Повесть прочитывается на одном дыхании, не отпуская от себя, возвращает нас в спертую и ядовитую атмосферу Ленинграда 1936-1937 годов — ежовщины, помноженной на «усердие» Жданова.

Фабула бесхитростная: Софья Петровна Липатова, заведующая машбюро одного из ленинградских издательств, вдова известного врача, одна вырастила сына Николая — талантливого инженера и кристального комсомольца; вдруг Николая арестовывают, приговаривают к десяти годам дальних лагерей, а Софье Петровне приходится бросить любимую работу и претерпеть немало других несчастий; хлопоты о сыне ни к чему не приводят и, как она понимает в финале, ни к чему привести не могли. Все.

Но у повести Л. Чуковской есть свой особый динамизм; властное, все ускоряющееся и все туже сужающееся круговое движение событий подхватывает героиню и по исполинской спирали уносит куда-то вниз. В этот гигантский, абсурдный водоворот, или, точнее, судьбоворот, в любой момент может быть затянуто, засосано, завлечено все, что угодно, — и безо всякой претензии на правовое или хотя бы логическое обоснование.
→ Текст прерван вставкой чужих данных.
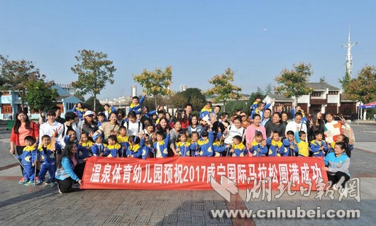 湖北日报网讯(全媒体记者张文龙、通讯员盘丽娟)28日,2017金盛兰杯咸宁国际温泉马拉松公益亲子徒步活动在咸宁十六潭公园举行。活动主题为“洁净咸宁 向爱奔跑”,吸引了50个家庭约125人参加,其中年龄最小者仅4岁。
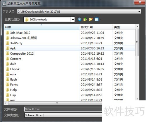 4、 在已打开的加载自定义用户界面方案窗口里,查找3dmax的安装路径,我的3dmax装在D盘,要找到3DMAX。
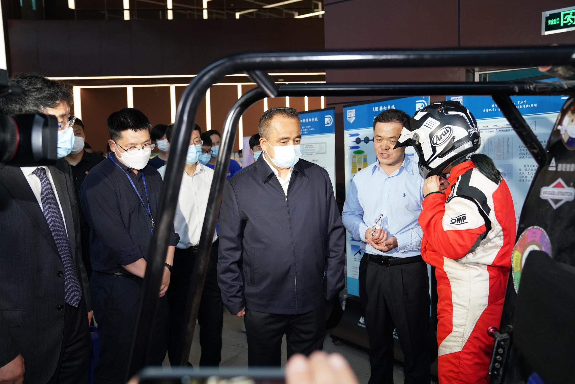 在深圳技术大学图书馆门前广场,城市交通与物流学院赛车工作室学生自制的巴哈赛车来回左右穿梭十分吸睛。代表团一行详细了解了这辆百公里加速仅需3.9秒的巴哈越野车及电动方程式赛车的相关情况,对学生自主设计制造的能力表示高度赞赏。
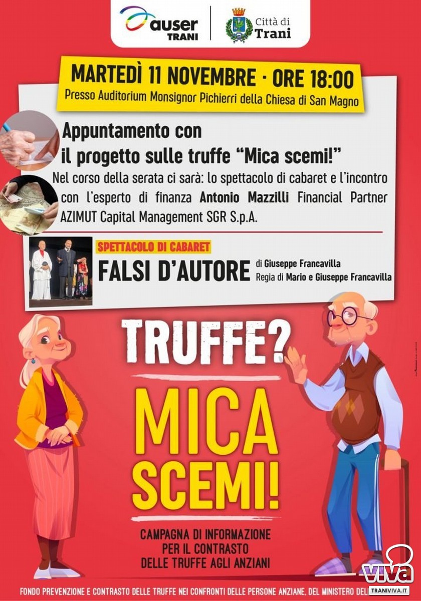 L'impegno per la sicurezza e la consapevolezza della cittadinanza si rafforza con il progetto "Occhio alle truffe - Mica Scemi!". Oggi, martedì 11 novembre, alle ore 18:00, l'Auditorium Monsignor Pichierri della Chiesa di San Magno sarà la sede di un appuntamento dedicato alla prevenzione e al contrasto delle truffe ai danni delle persone anziane, promosso dalla Città di Trani ed attuato dall' Auser Trani. Questa iniziativa, che rientra nel Fondo nazionale del Ministero dell'Interno, è di fondamentale importanza poiché affronta un fenomeno in crescita che colpisce con particolare violenza le fasce più vulnerabili. Il progetto si distingue per il suo approccio multidimensionale, unendo la serietà dell'informazione alla leggerezza dell'intrattenimento.
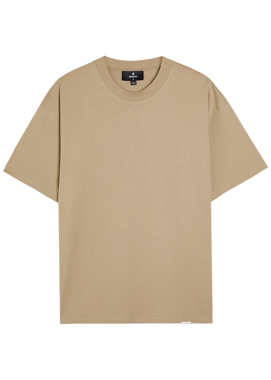 Info & Care Represent cotton T-shirt; Ribbed crew-neck, dropped shoulders, designer plaque at hem, logo embroidery at back; Slips on 100% cotton; Machine wash; ; Size & Fit Length shoulder to hem: 28 inches/ 71cm Midweight; Oversized fit; Model is 6'1"/ 186cm, chest size 38.5 inches and wears a size medium
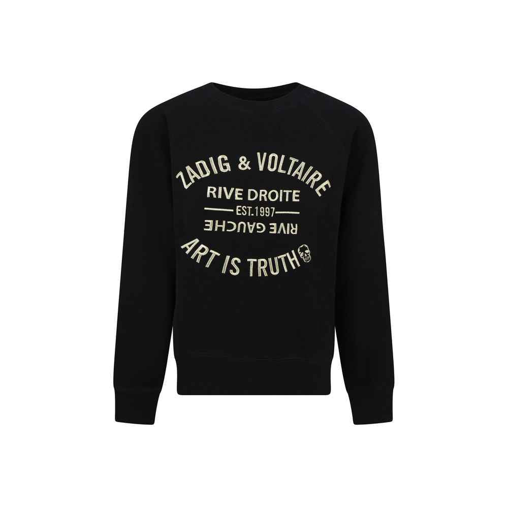 Cotton Sweatshirt by Zadig&Voltaire, ribbed crew neck, ribbed cuffs, ribbed hem, monochrome design, contrasting embroidered iconic brand monogram on front, regular fit.
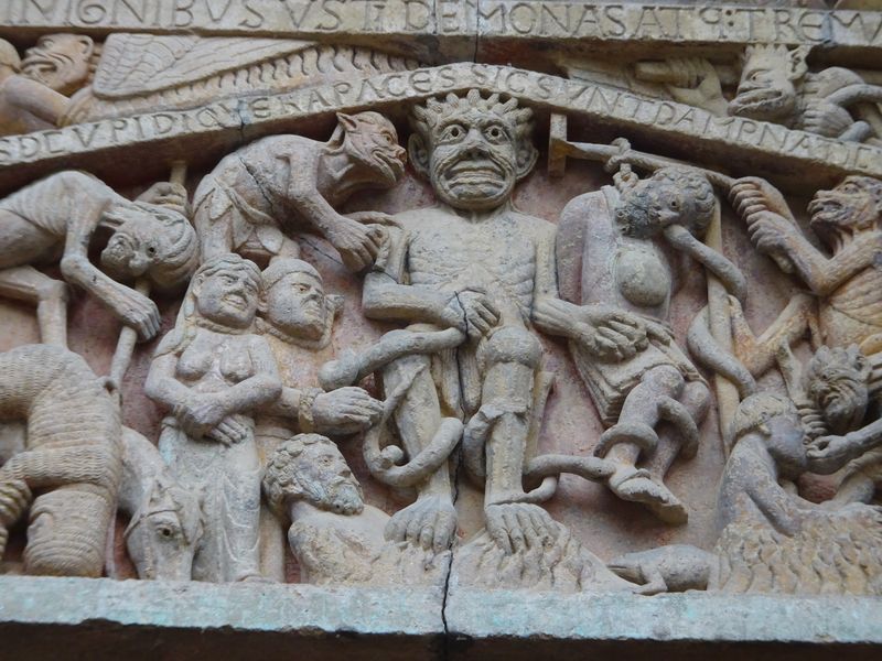 Bevor man die Kirche betritt, um den Innenraum mit den Fenstern Soulages‘ zu bewundern, lohnt es sich, das große Tympanon des Eingangsportals zu betrachten, das mit seinen 117 Figuren zu den Höhepunkten mittelalterlicher Kunst gehört. Sein Generalthema ist das Jüngste Gericht.[30] Besonders eindrucksvoll ist hier –wie auch in anderen entsprechenden mittelalterlichen Darstellungen- die drastische Schilderung des Schicksals der Verdammten im rechten unteren Teil des Tympanons, wo es –im Gegensatz zu der wohlgeordneten linken Seite (zur Rechten Gottes)- im wahrsten Sinne des Wortes drunter und drüber geht.

Отсюда то жесткое излучение и реальности, и фантастичности происходящего — сродни антиутопиям Замятина или Оруэлла,- которым заражает эта сугубо реалистическая проза.

Отбрасывая соблазнительные возможности этимологических построений (София — «мудрость», Петр — «камень», Петр Иванович — зашифрованное обозначение органов НКВД в переписке семьи Чуковских и т. д.), ясно видишь что Софья Петровна — это собирательный образ одураченного, нравственно оскопленного человека — простого, изначально порядочного, нормального, но поставленного в нечеловеческие условия существования. Вся уязвимость, бесправность и беззащитность таких людей показана в повести с художественной силой документа.

Такие, как Софья Петровна, люди — трудолюбивые, дисциплинированные, законопослушные — всегда были опорой и основой государства. И от ощущения абсурдности и одновременно какой-то будничности всего того, что на наших глазах происходит с этой женщиной, трагичность ее судьбы неизмеримо возрастает.

В повести зримо передан людоедский оскал сталинизма, цинично полагавшего, что самый эффективный и дешевый — это рабский труд. Сталинская система перестала затруднять себя сортировкой своих жертв на врагов, друзей или, как Софья Петровна, на покорное большинство. (И в этом, кстати, была своя «железная логика»: непредсказуемо — неожиданный выбор жертв провоцировал самых различных людей из их окружения на ту или иную реакцию, с гениальной простотой выявляя социально чуждых — то есть порядочных — людей, которых, в свою очередь, стоило взять на прицел).

Вспомним доведенного почти до безумия героя «Московской улицы» Бориса Ямпольского: он, во всяком случае, отдает себе отчет в постигших его событиях, он их трезво видит и в состоянии оценить самое чудо личного от них избавления. Софья же Петровна — представительница иной, первоначально куда более массовой категории жертв — рабов страха, именем социализма воцарившегося в такой огромной стране. В человека по капле вдавили раба, и, сломив последнее сопротивление ума и совести, раб зажил в парализованной душе человека.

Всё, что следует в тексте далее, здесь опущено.